Contains a variety of ordered structures, in particular a SkipList.
Project description
SkipList
This project contains a SkipList implementation in C++ with Python bindings.
A SkipList behaves as an always sorted list with, typically, O(log(n)) cost for insertion, look-up and removal. This makes it ideal for such operations as computing the rolling median of a large dataset.
See the full documentation on this project at ReadTheDocs.

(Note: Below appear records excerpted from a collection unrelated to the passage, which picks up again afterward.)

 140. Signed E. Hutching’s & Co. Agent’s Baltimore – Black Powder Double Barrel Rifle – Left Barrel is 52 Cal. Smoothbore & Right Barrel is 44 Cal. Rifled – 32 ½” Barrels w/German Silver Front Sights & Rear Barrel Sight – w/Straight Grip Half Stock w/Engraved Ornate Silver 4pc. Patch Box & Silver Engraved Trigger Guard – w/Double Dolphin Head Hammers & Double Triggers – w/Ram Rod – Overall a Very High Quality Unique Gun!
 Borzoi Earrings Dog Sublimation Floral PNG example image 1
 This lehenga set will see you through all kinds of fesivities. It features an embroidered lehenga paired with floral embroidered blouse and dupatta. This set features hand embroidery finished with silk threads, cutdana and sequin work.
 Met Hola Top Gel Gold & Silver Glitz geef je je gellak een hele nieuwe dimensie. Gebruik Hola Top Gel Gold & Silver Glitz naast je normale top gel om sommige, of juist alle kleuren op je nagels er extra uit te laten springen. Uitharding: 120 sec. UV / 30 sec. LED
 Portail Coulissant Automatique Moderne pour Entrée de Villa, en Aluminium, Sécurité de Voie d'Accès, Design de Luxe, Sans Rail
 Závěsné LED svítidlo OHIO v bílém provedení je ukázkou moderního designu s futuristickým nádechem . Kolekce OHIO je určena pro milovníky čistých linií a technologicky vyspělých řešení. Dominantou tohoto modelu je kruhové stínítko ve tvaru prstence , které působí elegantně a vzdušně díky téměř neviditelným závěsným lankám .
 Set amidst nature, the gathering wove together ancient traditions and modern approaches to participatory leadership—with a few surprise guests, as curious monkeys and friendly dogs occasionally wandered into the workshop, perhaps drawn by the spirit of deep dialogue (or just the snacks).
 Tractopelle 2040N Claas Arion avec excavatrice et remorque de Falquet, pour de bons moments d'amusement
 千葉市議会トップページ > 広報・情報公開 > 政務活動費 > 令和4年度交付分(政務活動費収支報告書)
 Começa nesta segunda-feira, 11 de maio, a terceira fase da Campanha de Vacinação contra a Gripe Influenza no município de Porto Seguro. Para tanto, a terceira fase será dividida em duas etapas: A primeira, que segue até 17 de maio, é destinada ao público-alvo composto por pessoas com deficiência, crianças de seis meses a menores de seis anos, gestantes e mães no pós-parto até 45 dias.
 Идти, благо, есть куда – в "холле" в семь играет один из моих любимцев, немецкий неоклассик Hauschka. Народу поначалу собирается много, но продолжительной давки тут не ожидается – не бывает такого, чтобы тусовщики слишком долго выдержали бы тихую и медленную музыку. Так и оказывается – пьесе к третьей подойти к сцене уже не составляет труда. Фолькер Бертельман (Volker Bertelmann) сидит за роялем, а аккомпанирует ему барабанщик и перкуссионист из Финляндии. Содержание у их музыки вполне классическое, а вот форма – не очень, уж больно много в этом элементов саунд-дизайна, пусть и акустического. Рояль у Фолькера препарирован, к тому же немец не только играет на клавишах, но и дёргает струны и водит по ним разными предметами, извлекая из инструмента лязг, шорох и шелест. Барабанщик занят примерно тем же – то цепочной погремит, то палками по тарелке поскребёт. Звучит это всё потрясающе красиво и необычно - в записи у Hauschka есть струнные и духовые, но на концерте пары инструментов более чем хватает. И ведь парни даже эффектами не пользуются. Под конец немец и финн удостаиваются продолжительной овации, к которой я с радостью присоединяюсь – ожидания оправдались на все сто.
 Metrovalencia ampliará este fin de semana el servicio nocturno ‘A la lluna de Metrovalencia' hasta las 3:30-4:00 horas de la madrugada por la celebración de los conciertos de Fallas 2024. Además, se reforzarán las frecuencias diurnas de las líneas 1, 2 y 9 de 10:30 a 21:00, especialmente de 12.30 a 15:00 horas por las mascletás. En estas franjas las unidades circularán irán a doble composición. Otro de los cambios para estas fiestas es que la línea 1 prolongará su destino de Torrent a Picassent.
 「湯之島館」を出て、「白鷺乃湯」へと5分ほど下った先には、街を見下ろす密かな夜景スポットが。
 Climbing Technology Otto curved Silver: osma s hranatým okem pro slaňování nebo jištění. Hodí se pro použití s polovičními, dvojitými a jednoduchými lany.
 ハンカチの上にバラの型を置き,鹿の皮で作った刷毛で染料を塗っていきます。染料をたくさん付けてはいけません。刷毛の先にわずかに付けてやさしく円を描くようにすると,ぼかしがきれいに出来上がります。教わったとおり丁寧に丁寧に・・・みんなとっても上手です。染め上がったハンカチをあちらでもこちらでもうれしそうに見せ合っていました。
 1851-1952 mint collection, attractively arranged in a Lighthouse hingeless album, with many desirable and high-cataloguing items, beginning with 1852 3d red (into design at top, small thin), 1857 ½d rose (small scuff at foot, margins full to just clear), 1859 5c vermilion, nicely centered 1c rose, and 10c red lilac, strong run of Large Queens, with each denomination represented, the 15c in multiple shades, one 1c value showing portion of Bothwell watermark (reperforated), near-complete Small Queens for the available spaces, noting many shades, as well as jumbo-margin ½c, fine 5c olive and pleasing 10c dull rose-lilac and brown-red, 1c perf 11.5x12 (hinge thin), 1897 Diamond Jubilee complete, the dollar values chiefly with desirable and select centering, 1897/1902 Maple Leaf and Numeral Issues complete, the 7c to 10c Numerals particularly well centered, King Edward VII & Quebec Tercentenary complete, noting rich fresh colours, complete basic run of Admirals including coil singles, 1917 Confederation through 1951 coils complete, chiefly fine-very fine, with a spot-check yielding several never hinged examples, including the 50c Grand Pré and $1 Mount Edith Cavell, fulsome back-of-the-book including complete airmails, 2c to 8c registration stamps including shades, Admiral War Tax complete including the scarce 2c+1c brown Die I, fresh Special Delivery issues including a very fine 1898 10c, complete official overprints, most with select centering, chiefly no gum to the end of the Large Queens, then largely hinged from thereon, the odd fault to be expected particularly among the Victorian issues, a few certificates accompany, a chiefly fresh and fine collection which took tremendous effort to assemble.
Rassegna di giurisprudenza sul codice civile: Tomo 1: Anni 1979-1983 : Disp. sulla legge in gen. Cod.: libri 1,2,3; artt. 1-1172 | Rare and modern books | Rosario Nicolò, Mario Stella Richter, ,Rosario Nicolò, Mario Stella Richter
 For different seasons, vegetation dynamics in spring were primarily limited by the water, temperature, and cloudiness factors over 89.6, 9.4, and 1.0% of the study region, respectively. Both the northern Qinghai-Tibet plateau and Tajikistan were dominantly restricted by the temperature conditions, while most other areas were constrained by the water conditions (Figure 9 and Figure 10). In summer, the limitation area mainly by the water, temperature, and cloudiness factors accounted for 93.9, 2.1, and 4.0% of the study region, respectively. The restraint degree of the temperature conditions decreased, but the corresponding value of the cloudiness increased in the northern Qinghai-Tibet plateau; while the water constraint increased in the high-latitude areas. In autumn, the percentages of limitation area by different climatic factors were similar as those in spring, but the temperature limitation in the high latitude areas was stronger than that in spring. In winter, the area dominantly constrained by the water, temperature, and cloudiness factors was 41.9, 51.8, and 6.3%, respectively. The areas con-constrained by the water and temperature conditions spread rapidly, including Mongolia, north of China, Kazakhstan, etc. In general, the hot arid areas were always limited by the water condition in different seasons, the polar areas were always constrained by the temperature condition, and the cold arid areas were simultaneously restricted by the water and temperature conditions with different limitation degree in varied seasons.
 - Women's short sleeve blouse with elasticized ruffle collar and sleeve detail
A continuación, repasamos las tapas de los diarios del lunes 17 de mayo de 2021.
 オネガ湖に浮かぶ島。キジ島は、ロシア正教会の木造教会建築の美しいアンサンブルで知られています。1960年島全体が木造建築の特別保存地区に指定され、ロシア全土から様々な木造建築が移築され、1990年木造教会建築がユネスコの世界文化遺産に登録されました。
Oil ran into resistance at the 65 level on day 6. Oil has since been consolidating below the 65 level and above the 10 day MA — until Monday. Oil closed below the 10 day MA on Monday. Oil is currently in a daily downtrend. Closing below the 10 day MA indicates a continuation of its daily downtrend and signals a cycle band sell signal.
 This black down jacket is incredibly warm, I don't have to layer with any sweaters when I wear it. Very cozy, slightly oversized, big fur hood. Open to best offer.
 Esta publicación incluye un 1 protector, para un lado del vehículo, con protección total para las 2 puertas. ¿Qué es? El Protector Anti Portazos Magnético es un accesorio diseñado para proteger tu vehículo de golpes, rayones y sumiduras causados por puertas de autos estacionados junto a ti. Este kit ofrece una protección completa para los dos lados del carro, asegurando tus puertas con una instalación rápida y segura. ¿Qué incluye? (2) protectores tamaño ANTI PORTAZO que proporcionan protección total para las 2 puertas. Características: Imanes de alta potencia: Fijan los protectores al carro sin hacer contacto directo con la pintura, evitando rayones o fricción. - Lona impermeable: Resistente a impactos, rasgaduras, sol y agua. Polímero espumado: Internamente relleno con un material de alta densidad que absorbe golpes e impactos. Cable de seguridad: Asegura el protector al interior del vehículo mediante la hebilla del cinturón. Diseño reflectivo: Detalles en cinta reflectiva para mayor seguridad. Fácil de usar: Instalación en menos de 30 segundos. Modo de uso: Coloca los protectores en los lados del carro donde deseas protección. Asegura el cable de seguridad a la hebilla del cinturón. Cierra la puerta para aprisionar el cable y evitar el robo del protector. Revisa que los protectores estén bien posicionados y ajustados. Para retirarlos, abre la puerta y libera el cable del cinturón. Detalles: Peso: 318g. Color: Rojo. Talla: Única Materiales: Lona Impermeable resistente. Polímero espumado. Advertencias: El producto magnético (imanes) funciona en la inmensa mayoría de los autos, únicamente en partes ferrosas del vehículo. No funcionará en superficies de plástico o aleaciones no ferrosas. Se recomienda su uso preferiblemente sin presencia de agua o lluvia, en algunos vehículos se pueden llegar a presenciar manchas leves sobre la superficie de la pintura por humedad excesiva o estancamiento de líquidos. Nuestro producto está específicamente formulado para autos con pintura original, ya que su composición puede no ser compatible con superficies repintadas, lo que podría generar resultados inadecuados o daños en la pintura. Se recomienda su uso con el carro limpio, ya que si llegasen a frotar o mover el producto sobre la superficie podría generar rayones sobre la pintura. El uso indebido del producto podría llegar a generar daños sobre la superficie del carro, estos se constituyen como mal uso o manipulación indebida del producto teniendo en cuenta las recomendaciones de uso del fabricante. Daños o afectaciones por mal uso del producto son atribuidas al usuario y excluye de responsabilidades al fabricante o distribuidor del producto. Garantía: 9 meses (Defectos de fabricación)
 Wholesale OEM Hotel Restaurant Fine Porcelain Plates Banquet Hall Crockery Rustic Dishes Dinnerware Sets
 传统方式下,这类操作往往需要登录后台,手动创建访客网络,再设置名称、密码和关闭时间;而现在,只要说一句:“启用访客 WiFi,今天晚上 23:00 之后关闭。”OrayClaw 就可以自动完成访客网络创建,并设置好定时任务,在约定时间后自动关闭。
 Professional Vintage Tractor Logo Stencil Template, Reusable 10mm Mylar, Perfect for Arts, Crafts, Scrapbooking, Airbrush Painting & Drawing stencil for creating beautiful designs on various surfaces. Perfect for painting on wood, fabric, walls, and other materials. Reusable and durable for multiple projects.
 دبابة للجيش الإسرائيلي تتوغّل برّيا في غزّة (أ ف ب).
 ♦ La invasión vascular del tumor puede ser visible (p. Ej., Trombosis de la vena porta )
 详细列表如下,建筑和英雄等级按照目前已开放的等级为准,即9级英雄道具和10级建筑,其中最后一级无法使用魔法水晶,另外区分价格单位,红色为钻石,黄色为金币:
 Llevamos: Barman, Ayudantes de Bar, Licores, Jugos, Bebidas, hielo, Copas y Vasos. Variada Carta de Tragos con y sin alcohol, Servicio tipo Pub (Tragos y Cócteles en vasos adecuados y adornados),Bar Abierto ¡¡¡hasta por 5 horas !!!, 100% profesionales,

A SkipList is implemented as a singly linked list of ordered nodes where each node participates in a subset of, sparser, linked lists. These additional 'sparse' linked lists provide rapid indexing and mutation of the underlying linked list. It is a probabilistic data structure using a random function to determine how many 'sparse' linked lists any particular node participates in. As such SkipList is an alternative to binary tree, Wikipedia has a introductory page on SkipLists.
An advantage claimed for SkipLists are that the insert and remove logic is simpler (however I do not subscribe to this). The drawbacks of a SkipList include its larger space requirements and its O(log(N)) lookup behaviour compared to other, more restricted and specialised, data structures that may have either faster runtime behaviour or lower space requirements or both.
This project contains a SkipList implementation in C++ with Python bindings with:
- No capacity restrictions apart from available memory.
- Works with any C++ type that has meaningful comparison operators.
- The C++ SkipList can be compiled as thread safe.
- The Python SkipList is thread safe.
- The SkipList has exhaustive internal integrity checks.
- Python SkipLists can be long/float/bytes/object types, the latter can have user defined comparison functions.
- With Python 3.8+ SkipLists can be combined with the multiprocessing.shared_memory module for concurrent operation on large arrays. For example concurrent rolling medians which speed up near linearly with the number of cores.
- The implementation is extensively performance tested in C++ and Python.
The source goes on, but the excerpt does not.